**Collected data**

--- START ---

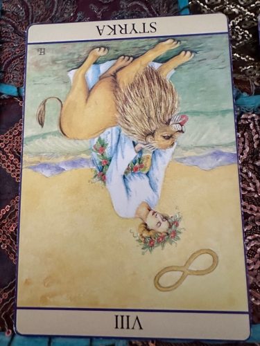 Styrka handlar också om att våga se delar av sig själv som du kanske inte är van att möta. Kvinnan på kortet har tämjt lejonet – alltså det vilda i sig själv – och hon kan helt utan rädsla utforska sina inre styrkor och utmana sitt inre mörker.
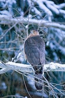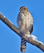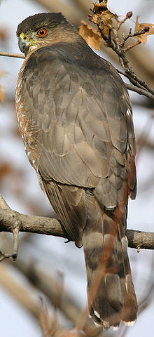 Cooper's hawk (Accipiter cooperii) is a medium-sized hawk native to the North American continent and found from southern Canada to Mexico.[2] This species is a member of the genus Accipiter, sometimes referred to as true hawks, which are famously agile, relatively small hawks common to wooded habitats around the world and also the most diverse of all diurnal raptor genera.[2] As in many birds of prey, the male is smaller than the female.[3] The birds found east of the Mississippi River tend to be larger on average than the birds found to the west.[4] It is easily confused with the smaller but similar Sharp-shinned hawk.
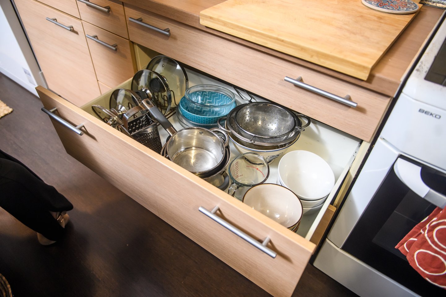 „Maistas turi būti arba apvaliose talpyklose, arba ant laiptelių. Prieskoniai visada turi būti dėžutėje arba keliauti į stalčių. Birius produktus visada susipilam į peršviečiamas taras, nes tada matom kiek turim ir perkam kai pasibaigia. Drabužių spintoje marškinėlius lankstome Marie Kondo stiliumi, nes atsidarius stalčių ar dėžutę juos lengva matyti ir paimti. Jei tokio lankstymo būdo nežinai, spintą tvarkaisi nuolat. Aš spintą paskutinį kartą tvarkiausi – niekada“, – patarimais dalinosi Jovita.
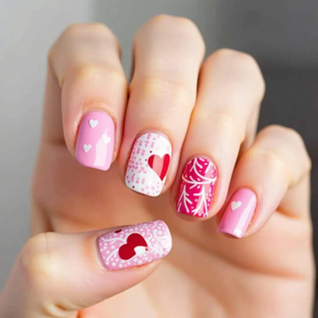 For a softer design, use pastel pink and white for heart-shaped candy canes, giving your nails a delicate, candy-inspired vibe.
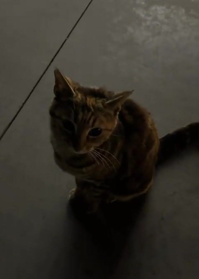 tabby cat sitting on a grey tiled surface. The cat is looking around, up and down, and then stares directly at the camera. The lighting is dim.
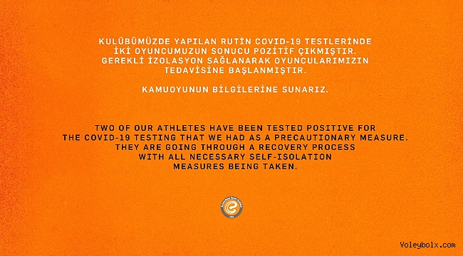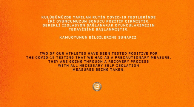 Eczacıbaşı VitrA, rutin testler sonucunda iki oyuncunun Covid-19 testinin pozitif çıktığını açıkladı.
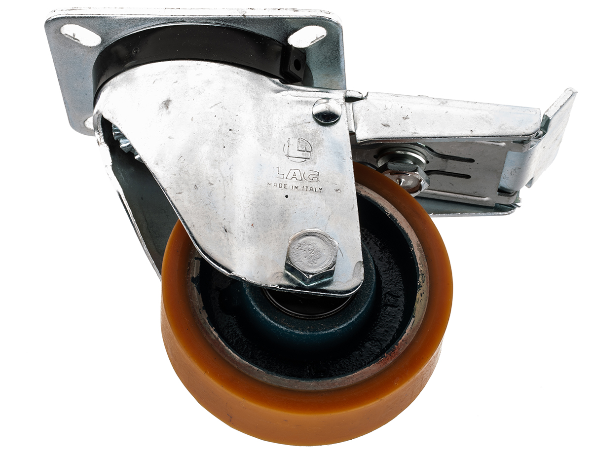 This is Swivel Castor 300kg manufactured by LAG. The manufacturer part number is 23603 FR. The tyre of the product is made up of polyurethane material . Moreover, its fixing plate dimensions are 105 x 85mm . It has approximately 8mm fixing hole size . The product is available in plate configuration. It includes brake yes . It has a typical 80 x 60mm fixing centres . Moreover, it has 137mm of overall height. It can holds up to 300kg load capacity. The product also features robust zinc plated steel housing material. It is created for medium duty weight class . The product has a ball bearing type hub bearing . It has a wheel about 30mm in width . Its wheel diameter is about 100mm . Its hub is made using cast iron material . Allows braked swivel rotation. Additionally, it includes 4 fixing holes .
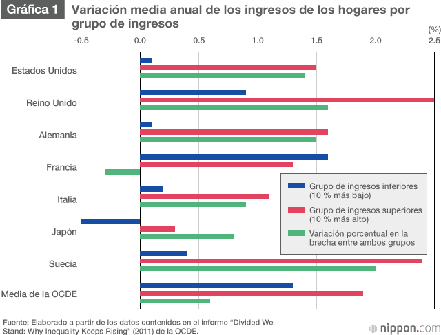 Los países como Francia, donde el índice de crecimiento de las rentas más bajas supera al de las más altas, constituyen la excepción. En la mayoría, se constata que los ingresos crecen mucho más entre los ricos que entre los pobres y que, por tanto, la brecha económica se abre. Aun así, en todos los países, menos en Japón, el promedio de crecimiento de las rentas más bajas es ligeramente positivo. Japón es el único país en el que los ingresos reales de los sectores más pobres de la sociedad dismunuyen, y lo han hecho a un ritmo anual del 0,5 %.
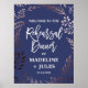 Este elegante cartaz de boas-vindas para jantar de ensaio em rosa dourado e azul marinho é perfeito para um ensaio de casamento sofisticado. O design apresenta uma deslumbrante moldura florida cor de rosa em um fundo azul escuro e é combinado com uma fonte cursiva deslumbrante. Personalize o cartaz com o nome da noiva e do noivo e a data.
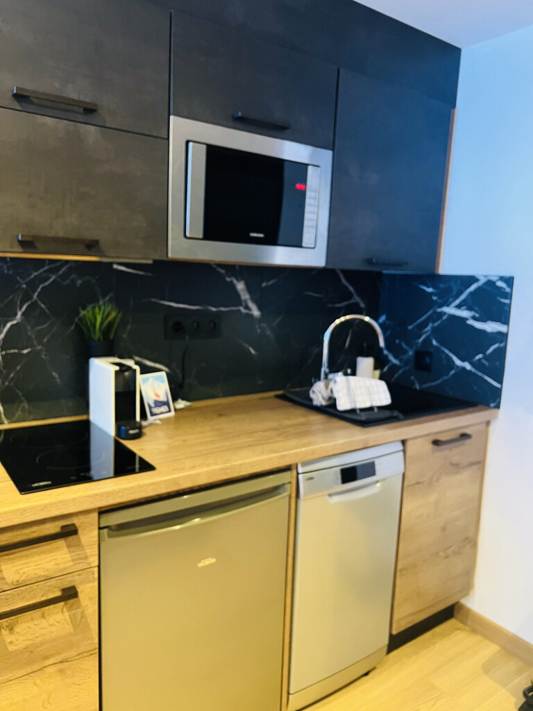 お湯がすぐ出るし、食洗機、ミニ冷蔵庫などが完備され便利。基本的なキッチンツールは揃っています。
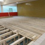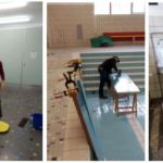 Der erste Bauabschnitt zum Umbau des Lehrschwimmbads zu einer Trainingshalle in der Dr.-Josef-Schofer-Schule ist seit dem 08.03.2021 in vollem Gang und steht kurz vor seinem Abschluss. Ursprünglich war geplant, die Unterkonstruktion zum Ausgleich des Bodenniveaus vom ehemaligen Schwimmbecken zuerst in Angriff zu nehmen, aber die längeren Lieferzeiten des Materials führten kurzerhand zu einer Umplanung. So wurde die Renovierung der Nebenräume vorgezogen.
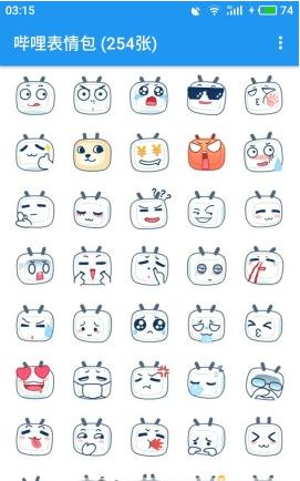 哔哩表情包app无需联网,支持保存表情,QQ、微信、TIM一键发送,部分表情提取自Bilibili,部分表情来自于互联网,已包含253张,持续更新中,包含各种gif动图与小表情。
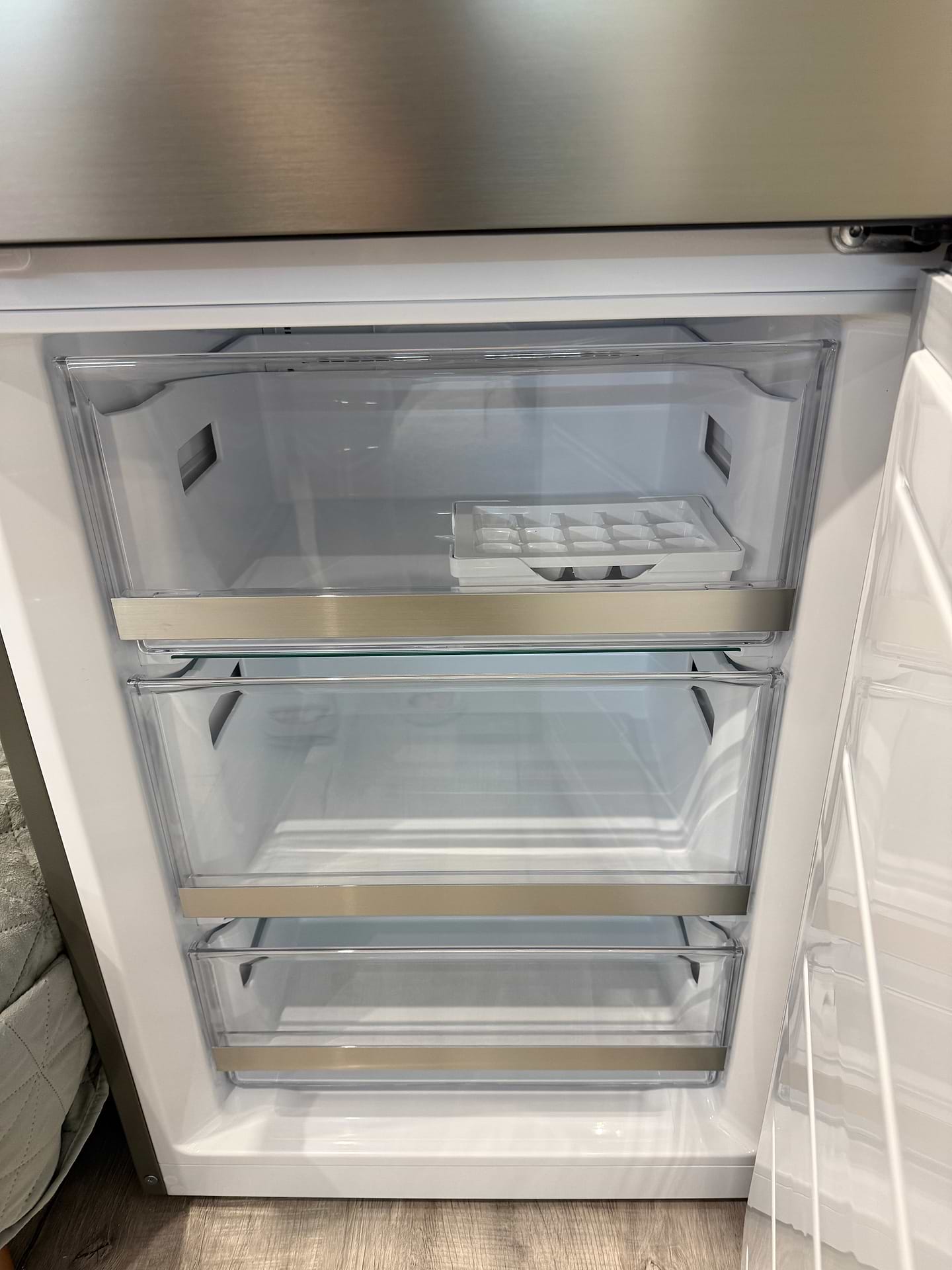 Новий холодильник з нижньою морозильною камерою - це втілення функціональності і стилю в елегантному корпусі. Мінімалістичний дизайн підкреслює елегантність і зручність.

--- END ---

**Brief**
Your answer must be the records above, word for word, with every picture left out.

**Answer area**
 Styrka handlar också om att våga se delar av sig själv som du kanske inte är van att möta. Kvinnan på kortet har tämjt lejonet – alltså det vilda i sig själv – och hon kan helt utan rädsla utforska sina inre styrkor och utmana sitt inre mörker.
 Cooper's hawk (Accipiter cooperii) is a medium-sized hawk native to the North American continent and found from southern Canada to Mexico.[2] This species is a member of the genus Accipiter, sometimes referred to as true hawks, which are famously agile, relatively small hawks common to wooded habitats around the world and also the most diverse of all diurnal raptor genera.[2] As in many birds of prey, the male is smaller than the female.[3] The birds found east of the Mississippi River tend to be larger on average than the birds found to the west.[4] It is easily confused with the smaller but similar Sharp-shinned hawk.
 „Maistas turi būti arba apvaliose talpyklose, arba ant laiptelių. Prieskoniai visada turi būti dėžutėje arba keliauti į stalčių. Birius produktus visada susipilam į peršviečiamas taras, nes tada matom kiek turim ir perkam kai pasibaigia. Drabužių spintoje marškinėlius lankstome Marie Kondo stiliumi, nes atsidarius stalčių ar dėžutę juos lengva matyti ir paimti. Jei tokio lankstymo būdo nežinai, spintą tvarkaisi nuolat. Aš spintą paskutinį kartą tvarkiausi – niekada“, – patarimais dalinosi Jovita.
 For a softer design, use pastel pink and white for heart-shaped candy canes, giving your nails a delicate, candy-inspired vibe.
 tabby cat sitting on a grey tiled surface. The cat is looking around, up and down, and then stares directly at the camera. The lighting is dim.
 Eczacıbaşı VitrA, rutin testler sonucunda iki oyuncunun Covid-19 testinin pozitif çıktığını açıkladı.
 This is Swivel Castor 300kg manufactured by LAG. The manufacturer part number is 23603 FR. The tyre of the product is made up of polyurethane material . Moreover, its fixing plate dimensions are 105 x 85mm . It has approximately 8mm fixing hole size . The product is available in plate configuration. It includes brake yes . It has a typical 80 x 60mm fixing centres . Moreover, it has 137mm of overall height. It can holds up to 300kg load capacity. The product also features robust zinc plated steel housing material. It is created for medium duty weight class . The product has a ball bearing type hub bearing . It has a wheel about 30mm in width . Its wheel diameter is about 100mm . Its hub is made using cast iron material . Allows braked swivel rotation. Additionally, it includes 4 fixing holes .
 Los países como Francia, donde el índice de crecimiento de las rentas más bajas supera al de las más altas, constituyen la excepción. En la mayoría, se constata que los ingresos crecen mucho más entre los ricos que entre los pobres y que, por tanto, la brecha económica se abre. Aun así, en todos los países, menos en Japón, el promedio de crecimiento de las rentas más bajas es ligeramente positivo. Japón es el único país en el que los ingresos reales de los sectores más pobres de la sociedad dismunuyen, y lo han hecho a un ritmo anual del 0,5 %.
 Este elegante cartaz de boas-vindas para jantar de ensaio em rosa dourado e azul marinho é perfeito para um ensaio de casamento sofisticado. O design apresenta uma deslumbrante moldura florida cor de rosa em um fundo azul escuro e é combinado com uma fonte cursiva deslumbrante. Personalize o cartaz com o nome da noiva e do noivo e a data.
 お湯がすぐ出るし、食洗機、ミニ冷蔵庫などが完備され便利。基本的なキッチンツールは揃っています。
 Der erste Bauabschnitt zum Umbau des Lehrschwimmbads zu einer Trainingshalle in der Dr.-Josef-Schofer-Schule ist seit dem 08.03.2021 in vollem Gang und steht kurz vor seinem Abschluss. Ursprünglich war geplant, die Unterkonstruktion zum Ausgleich des Bodenniveaus vom ehemaligen Schwimmbecken zuerst in Angriff zu nehmen, aber die längeren Lieferzeiten des Materials führten kurzerhand zu einer Umplanung. So wurde die Renovierung der Nebenräume vorgezogen.
 哔哩表情包app无需联网,支持保存表情,QQ、微信、TIM一键发送,部分表情提取自Bilibili,部分表情来自于互联网,已包含253张,持续更新中,包含各种gif动图与小表情。
 Новий холодильник з нижньою морозильною камерою - це втілення функціональності і стилю в елегантному корпусі. Мінімалістичний дизайн підкреслює елегантність і зручність.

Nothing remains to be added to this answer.